WHAT THE TASK ASKS
Word for word, restate the lines of the data below between those holding "Tovaglietta in Panama" and "Datos del estudio", inclusive; pictures do not belong in the copy.

Collected data entries:
---
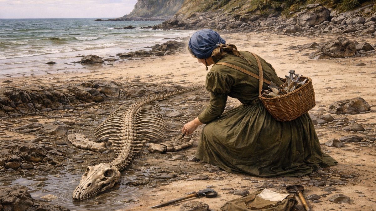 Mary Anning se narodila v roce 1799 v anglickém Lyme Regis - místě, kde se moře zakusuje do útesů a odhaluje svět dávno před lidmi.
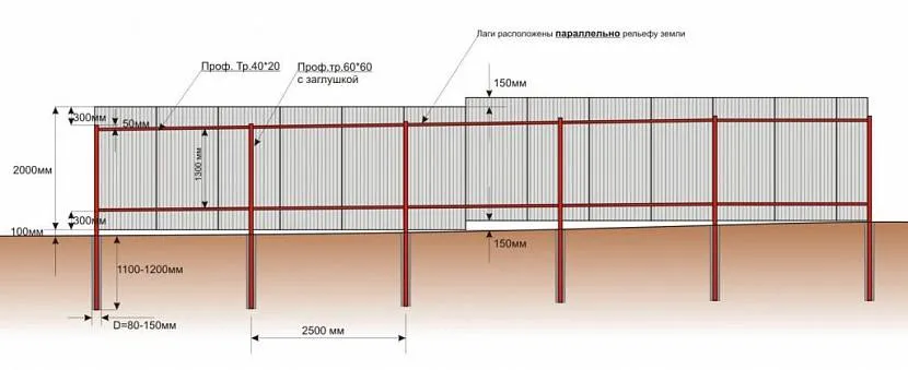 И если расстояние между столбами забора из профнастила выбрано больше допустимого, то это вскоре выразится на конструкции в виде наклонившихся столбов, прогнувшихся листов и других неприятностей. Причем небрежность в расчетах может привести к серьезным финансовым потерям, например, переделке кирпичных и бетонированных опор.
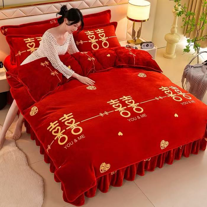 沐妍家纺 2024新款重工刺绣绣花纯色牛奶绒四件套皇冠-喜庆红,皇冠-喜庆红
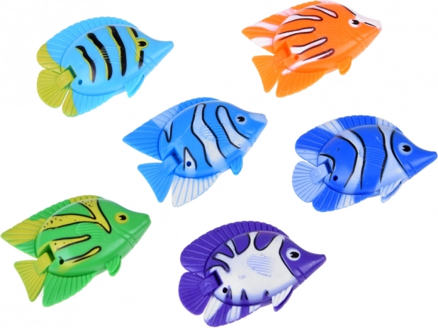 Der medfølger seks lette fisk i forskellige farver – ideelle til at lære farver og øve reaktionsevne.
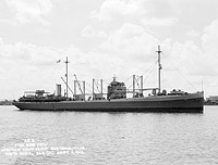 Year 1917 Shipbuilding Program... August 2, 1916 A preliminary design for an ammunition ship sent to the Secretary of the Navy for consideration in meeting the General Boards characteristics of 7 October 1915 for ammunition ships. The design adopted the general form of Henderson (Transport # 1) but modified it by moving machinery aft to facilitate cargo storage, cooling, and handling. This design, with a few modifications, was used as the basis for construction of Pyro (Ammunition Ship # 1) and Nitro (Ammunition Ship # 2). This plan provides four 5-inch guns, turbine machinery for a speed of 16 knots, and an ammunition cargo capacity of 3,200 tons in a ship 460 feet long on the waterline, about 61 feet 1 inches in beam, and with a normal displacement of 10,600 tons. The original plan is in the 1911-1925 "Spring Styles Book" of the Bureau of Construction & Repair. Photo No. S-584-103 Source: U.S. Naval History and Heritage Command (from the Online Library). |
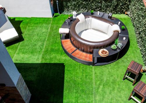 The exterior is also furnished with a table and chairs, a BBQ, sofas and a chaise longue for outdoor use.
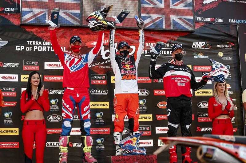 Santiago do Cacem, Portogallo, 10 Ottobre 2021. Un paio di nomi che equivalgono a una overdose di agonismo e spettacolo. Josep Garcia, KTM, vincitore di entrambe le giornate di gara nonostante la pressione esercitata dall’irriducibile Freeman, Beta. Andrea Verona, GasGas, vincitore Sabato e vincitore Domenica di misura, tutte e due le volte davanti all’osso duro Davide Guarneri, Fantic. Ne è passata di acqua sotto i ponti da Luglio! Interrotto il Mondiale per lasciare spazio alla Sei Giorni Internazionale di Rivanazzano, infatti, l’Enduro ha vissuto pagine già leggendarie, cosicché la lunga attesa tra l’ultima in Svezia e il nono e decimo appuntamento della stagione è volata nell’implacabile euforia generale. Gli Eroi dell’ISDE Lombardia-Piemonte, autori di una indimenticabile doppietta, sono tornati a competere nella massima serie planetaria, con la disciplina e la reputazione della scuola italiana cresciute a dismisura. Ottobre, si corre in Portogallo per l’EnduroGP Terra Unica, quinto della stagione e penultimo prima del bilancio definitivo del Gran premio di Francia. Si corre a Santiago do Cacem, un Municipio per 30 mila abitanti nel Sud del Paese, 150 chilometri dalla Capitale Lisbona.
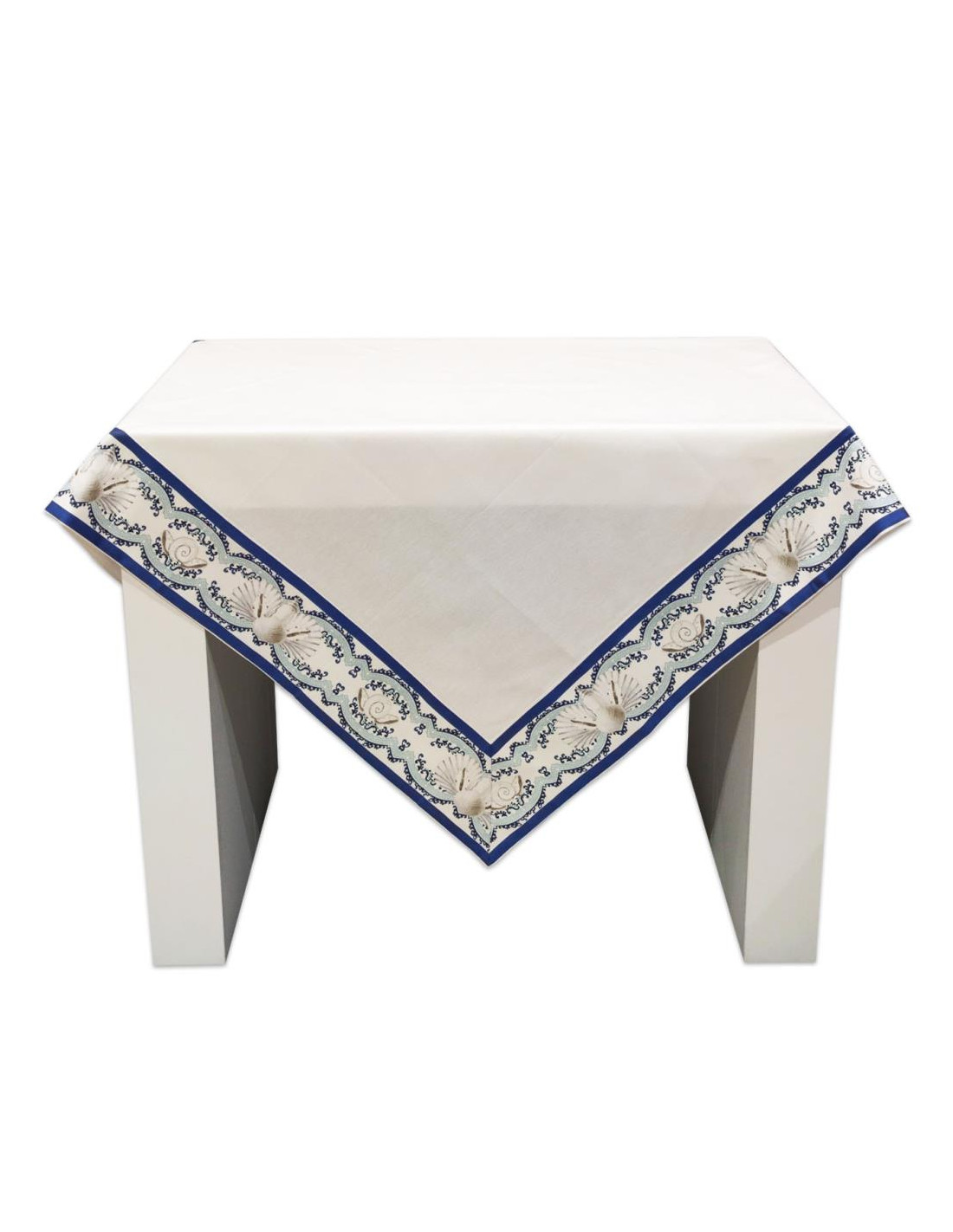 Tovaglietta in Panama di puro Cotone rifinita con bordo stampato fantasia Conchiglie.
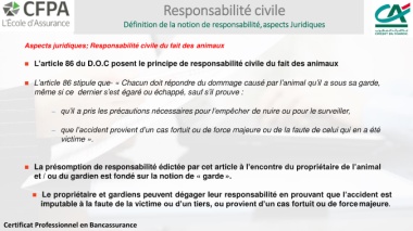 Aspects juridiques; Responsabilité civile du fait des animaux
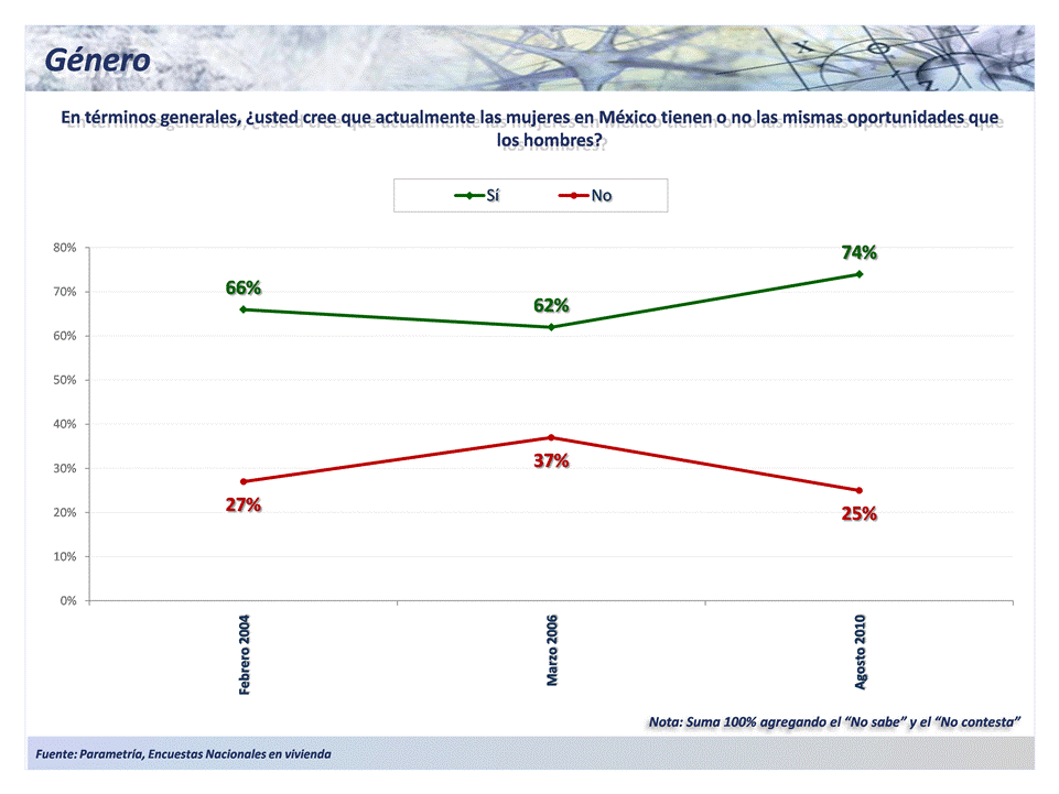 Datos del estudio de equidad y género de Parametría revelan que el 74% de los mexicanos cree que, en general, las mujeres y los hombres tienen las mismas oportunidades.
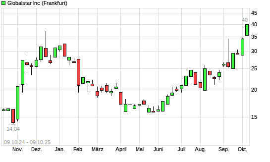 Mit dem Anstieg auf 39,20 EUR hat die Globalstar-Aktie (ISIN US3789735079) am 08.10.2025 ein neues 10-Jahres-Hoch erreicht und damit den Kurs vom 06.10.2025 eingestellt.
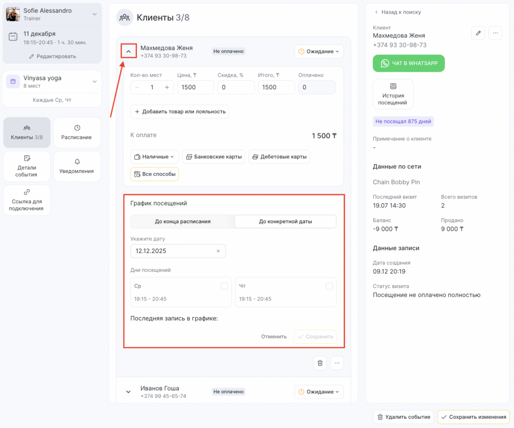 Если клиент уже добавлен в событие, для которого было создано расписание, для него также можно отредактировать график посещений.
---
TASK RESULT
 Tovaglietta in Panama di puro Cotone rifinita con bordo stampato fantasia Conchiglie.
 Aspects juridiques; Responsabilité civile du fait des animaux
 Datos del estudio de equidad y género de Parametría revelan que el 74% de los mexicanos cree que, en general, las mujeres y los hombres tienen las mismas oportunidades.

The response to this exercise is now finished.